* [What is expected] For the material below, return exactly the lines starting at the line containing "ОписаниеПисьменный стол стеллаж" and ending at the line containing "Sa, 09.05.2026  Interaktive", both ends included, and no others.

* [Extracted data]
BEGIN

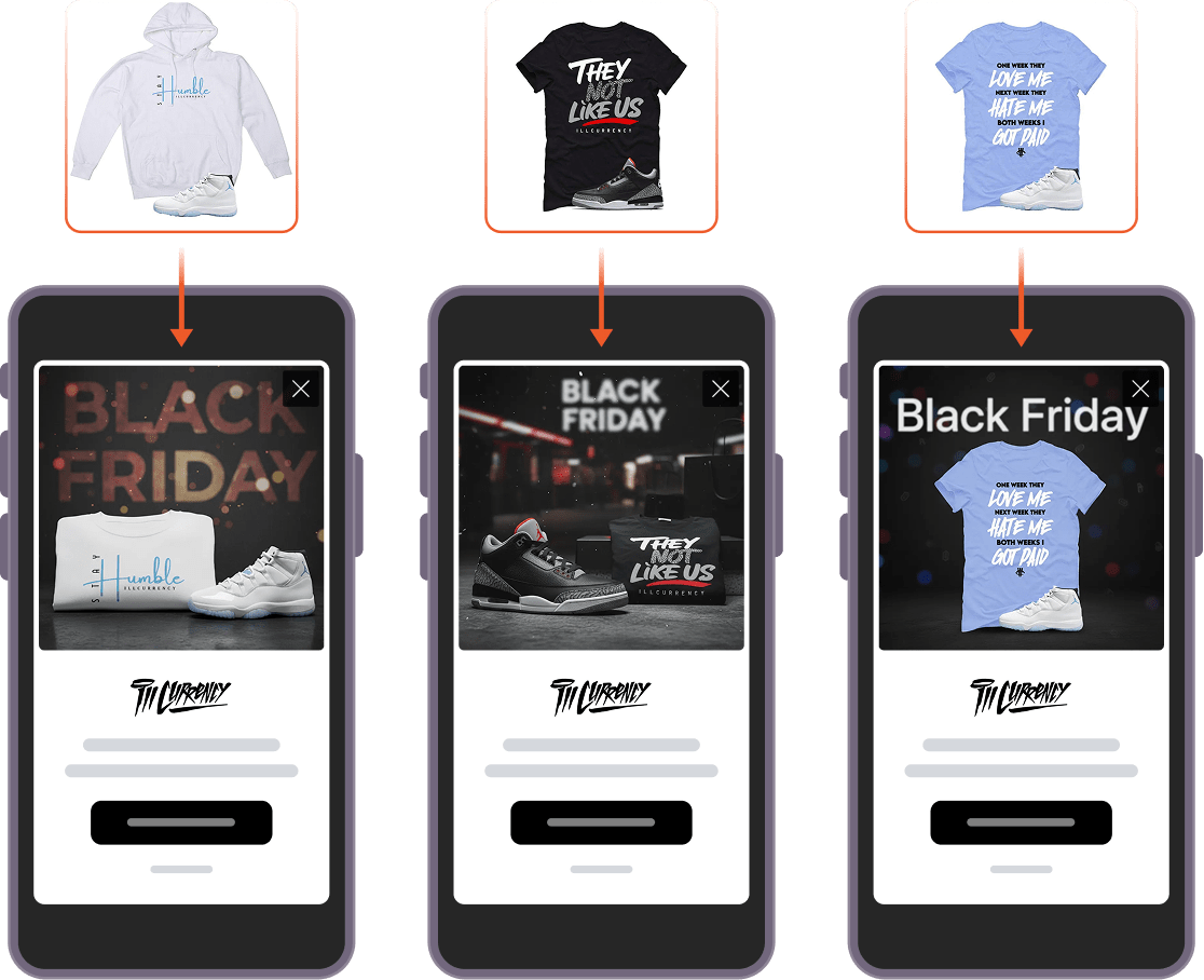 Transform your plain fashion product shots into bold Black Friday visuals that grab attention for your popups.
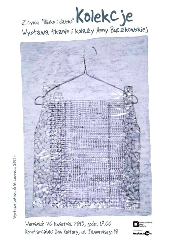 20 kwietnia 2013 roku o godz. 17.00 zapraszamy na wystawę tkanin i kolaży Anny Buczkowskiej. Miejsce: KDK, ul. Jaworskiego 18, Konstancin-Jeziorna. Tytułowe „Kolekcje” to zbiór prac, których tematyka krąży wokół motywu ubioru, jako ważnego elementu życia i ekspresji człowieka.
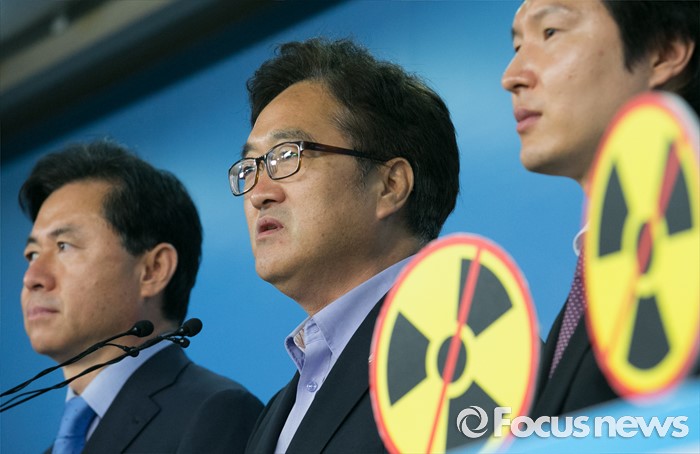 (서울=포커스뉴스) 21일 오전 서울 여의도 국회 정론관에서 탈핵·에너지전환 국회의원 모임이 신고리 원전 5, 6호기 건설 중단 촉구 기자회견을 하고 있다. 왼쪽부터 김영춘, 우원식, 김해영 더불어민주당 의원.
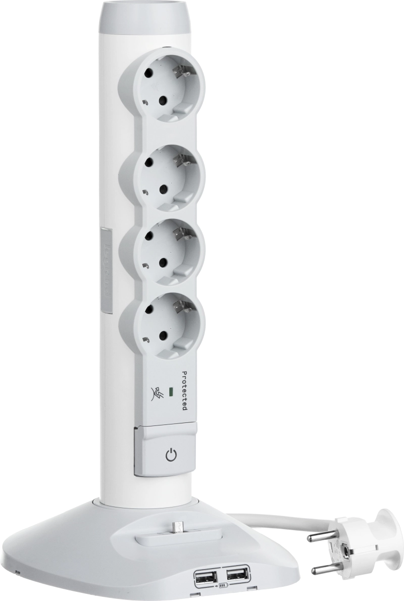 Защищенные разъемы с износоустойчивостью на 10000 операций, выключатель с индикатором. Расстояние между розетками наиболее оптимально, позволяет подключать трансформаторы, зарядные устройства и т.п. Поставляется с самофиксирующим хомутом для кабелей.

END
BEGIN

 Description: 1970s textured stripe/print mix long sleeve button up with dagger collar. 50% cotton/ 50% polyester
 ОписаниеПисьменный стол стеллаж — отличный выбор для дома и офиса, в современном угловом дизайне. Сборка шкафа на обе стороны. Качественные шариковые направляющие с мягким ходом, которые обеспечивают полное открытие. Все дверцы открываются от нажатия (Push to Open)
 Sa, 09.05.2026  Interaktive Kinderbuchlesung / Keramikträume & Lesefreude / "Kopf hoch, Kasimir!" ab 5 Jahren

END
BEGIN

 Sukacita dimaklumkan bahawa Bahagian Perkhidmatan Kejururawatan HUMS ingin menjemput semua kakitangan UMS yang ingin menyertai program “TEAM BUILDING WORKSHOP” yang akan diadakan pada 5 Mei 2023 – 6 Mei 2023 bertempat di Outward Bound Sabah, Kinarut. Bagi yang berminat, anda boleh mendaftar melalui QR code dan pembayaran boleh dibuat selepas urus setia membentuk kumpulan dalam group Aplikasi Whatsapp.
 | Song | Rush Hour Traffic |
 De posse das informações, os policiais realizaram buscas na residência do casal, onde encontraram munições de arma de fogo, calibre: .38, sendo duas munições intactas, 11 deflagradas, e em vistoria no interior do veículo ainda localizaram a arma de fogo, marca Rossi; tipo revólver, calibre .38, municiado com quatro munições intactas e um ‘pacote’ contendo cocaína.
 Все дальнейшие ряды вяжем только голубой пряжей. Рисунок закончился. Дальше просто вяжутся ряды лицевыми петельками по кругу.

END

* [Response to this task]
 ОписаниеПисьменный стол стеллаж — отличный выбор для дома и офиса, в современном угловом дизайне. Сборка шкафа на обе стороны. Качественные шариковые направляющие с мягким ходом, которые обеспечивают полное открытие. Все дверцы открываются от нажатия (Push to Open)
 Sa, 09.05.2026  Interaktive Kinderbuchlesung / Keramikträume & Lesefreude / "Kopf hoch, Kasimir!" ab 5 Jahren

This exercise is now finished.